Nope I'm referring to 'frame delay', it's a feature used to mitigate input lag further than what Groovy produces by default.
You'll find it in game; press TAB, go to the sliders menu, and adjust it while playing until you find a stable value/behaviour (press F11 to check the framerate always remains at 100%), there's 9 levels, the higher the more responsive, but also the more CPU intensive.

EDIT: and if you want to give simulating slowdowns a try, open the mame.ini and turn the 'cheat' line on (write 1 instead or 0 then save). This will make new sliders appear, the Blitter and CPU are the ones you'll need.
Back when I was trying I remember getting decent results in some games like Pink Sweets reducing the CPU down to +/- 40%, and the Blitter to 63% (some say 59%), but those values can be completely wrong in most games, it's mostly unexplored tweaking territory.

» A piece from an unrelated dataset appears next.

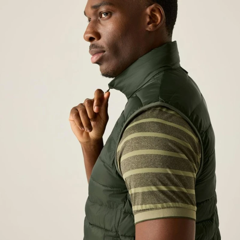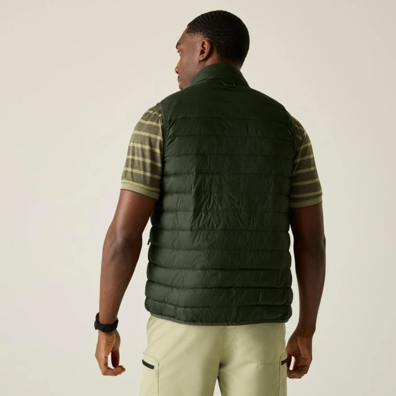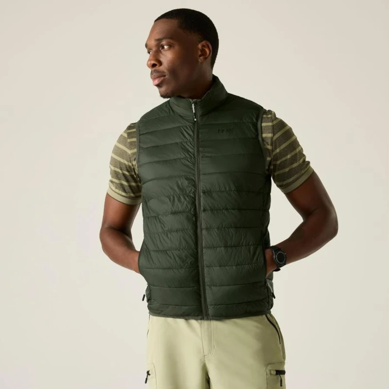 Férfi mellény, Könnyû 20d poliamid anyag, Tartós vízlepergető felület, Feather Free prémium minőségû újrahasznosított szintetikus pehely szigetelés, Könnyû töltet, Könnyen összenyomható, 2 cipzáras alsó zseb, rugalmas szegélyek, saját zsákba csomagolható

Wow, lots of cool knobs here, that you for the expert reply.

Just tried DoDonPachi, I can only increment the 'frame delay' by 1 while maintaining 100% frame-rate. When I go to '2', it begins to fluctuate in-between 100% and 94%.

Oh I see it now, CPU was definitely getting maxed out when I turned it all the way up, lol.
« Last Edit: June 16, 2019, 11:34:14 am by digitron »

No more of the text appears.